Directions for this task:
Print the lines that run from the line with "Поверхность: варочная панель" to the line with "焼き立ての北海道産牛肉、ラム", keeping both end lines, exactly as they appear in the entries below, and nothing else.

Listed records:

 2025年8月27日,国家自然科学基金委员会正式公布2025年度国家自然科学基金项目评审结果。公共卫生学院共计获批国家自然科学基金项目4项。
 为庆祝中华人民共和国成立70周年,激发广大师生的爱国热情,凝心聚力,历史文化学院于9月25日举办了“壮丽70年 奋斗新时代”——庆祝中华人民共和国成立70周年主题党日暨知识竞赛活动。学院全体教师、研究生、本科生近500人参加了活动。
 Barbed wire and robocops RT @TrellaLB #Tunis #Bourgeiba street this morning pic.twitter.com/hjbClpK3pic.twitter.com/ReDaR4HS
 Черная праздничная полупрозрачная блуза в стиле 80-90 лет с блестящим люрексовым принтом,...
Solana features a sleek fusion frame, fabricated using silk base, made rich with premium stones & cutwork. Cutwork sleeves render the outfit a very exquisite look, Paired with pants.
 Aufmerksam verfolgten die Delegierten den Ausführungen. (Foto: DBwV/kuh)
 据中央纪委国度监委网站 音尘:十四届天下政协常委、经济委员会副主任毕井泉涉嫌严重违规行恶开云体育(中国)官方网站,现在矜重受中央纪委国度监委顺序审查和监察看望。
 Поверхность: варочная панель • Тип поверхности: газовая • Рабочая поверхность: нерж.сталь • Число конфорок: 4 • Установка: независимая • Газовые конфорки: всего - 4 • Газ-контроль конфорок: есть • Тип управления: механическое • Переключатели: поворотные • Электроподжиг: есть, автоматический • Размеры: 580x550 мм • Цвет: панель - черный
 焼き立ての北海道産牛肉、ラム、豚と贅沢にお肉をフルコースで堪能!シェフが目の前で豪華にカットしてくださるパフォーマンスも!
--
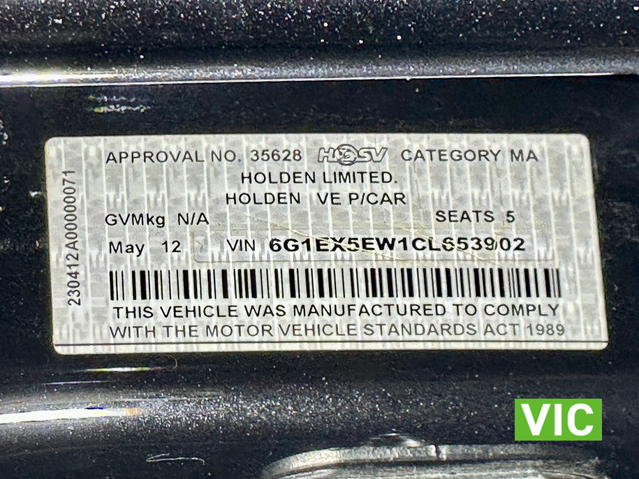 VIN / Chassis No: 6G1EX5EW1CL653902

Task answer:
 Поверхность: варочная панель • Тип поверхности: газовая • Рабочая поверхность: нерж.сталь • Число конфорок: 4 • Установка: независимая • Газовые конфорки: всего - 4 • Газ-контроль конфорок: есть • Тип управления: механическое • Переключатели: поворотные • Электроподжиг: есть, автоматический • Размеры: 580x550 мм • Цвет: панель - черный
 焼き立ての北海道産牛肉、ラム、豚と贅沢にお肉をフルコースで堪能!シェフが目の前で豪華にカットしてくださるパフォーマンスも!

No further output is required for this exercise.